Drunken Squirrel was behing the backdrop, eating live penguins...
"What are you doing??" asked everyone in disgust.
"Umm... nothing...." Ds said, "Look over there" *points*
DS stuffs yet another penguin in his mouth... He catches mad penguin disease and dies.

Then DS took off his hannah disguise and hannah took of her DS diguise, before she died of mad penguin

Then they took off the disguises they where wearing under there disguises and became who they were supposed to be... DS woke up ate another penguin then died.....again.... Gamer cried, because he thought it was the right thing to do...

Then Hannah took off her DS disguise and DS took off the hannah one...... and hannah died!!

But then Hannah took of her absoulute last disguise and DS took of his absolute last disguise and DS ate another penguin and died. Then he woke up, ate three.26 more peguins and died... Gamer cried, because there where no penguins left for him...

Then hannah took of her LAST DS disgiuse, she was naked underneath, so she ran off to the hospital, embarrased..

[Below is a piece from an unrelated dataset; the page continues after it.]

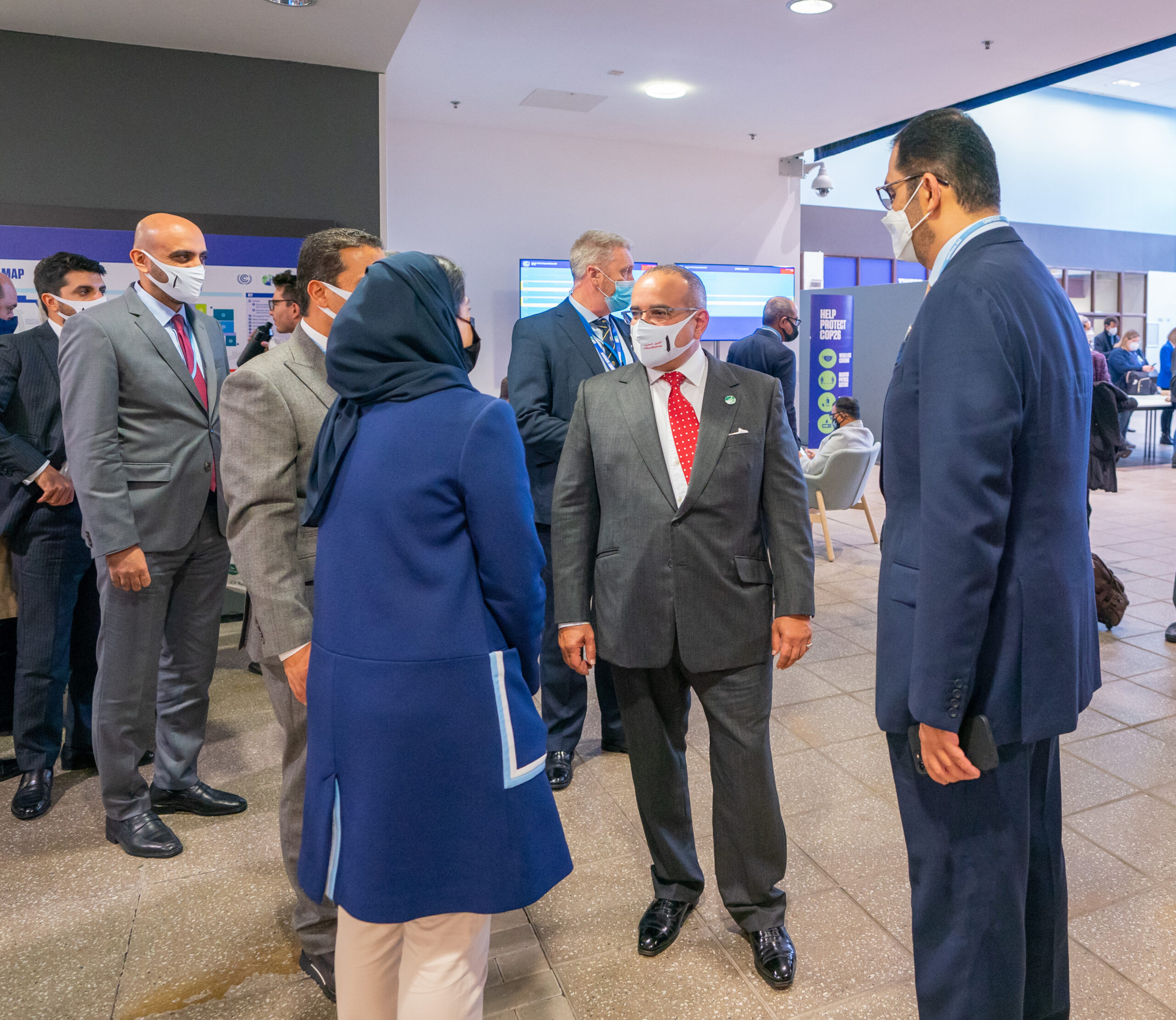 His Royal Highness Prince Salman bin Hamad Al Khalifa, the Crown Prince and Prime Minister, today visited the United Arab Emirates’ (UAE) pavilion at the 26th UN Climate Change Conference (COP26) in Glasgow, Scotland, where he met with the UAE Minister of Industry and Advanced Technology and Special Envoy for Climate Change HE Dr Sultan bin Ahmed Al Jaber.

Then DS went to the local K-mart down the road.....

To buy himself more penguins... When he realised they didn't sell them he was furious and built a submarine and moved to Antarctica, where he frooze to death after seven years of happily living there and eating penguins. Meanwhile Hannah was rich, happy and ruled the every single exsisting universe

But... DS was fanta, she was a zombie and needed fresh penguin blood to survive.....

DS, who was to embarressed he had a penguin eating-fetish to admit it was not actually Fanta, he was himself. He went to a place that was not heaven, but was where people go when they die that is deep... deep under the ground............. His grave!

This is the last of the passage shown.